Toute la dimension conflictuelle de ce projet d’aménagement est exprimée par les trois banderoles publicitaires accrochées derrière la station-service sur le mur d’un entrepôt d’un autre opposant acharné. Ainsi, côte à côte, se trouvent une publicité pour une entreprise qui essaie de survivre à ce projet (Tuck-it-away est une entreprise de stockage), une banderole commune des associations refusant les déplacements forcés liés aux projets de l’université, et une publicité pour des appartements de luxe ciblant une population de jeunes cadres supérieurs noirs et confirmant le remplacement de la population ouvrière locale par une population plus aisée.
À eux seuls, ces deux documents iconographiques constituent un apport réel à la démonstration scientifique de cette thèse portant sur la conflictualité du processus de gentrification à Harlem et les résistances qui se sont mises en place.

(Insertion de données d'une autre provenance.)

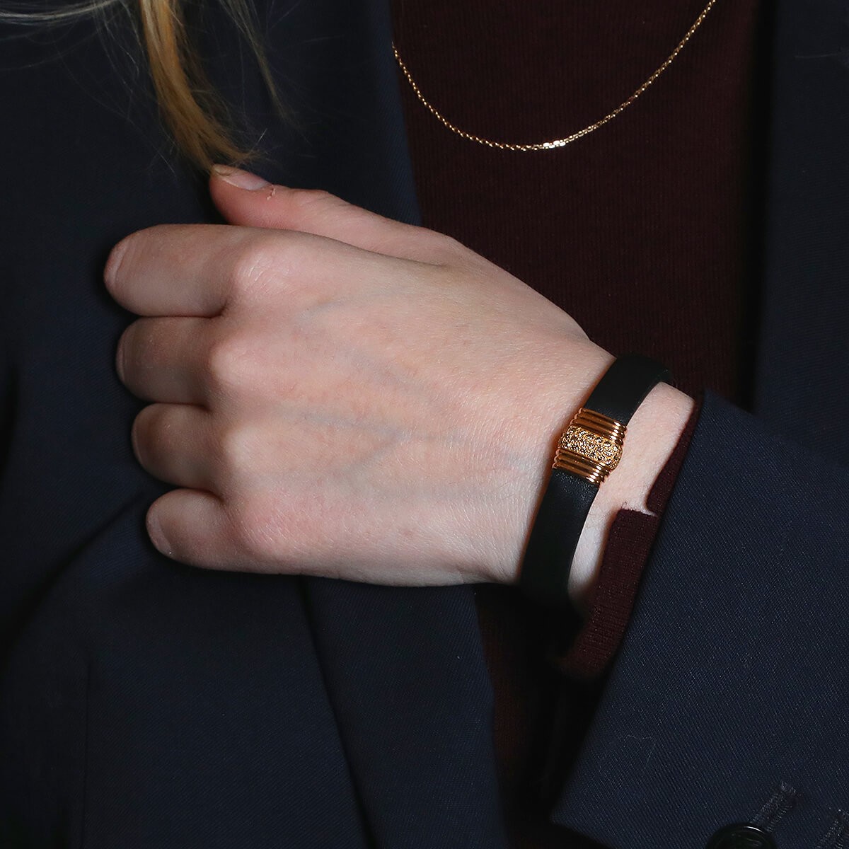 Bracelet en cuir noir agrémenté d’un fermoir en or rose orné d’un pavage de diamants couleur cognac. Signé et numéroté.

La cartographie et l’utilisation d’images se sont donc avérées des outils fondamentaux de la recherche en géopolitique urbaine et méritent, à ce titre, une place particulière pour rendre compte des résultats scientifiques.
Référence de la thèse
RECOQUILLON Ch. (2010). Conflits et résistances, une analyse géopolitique de la gentrification de Harlem, New York City. Paris: Université Paris 8 – Vincennes / Saint-Denis, thèse de géographie, 409 p.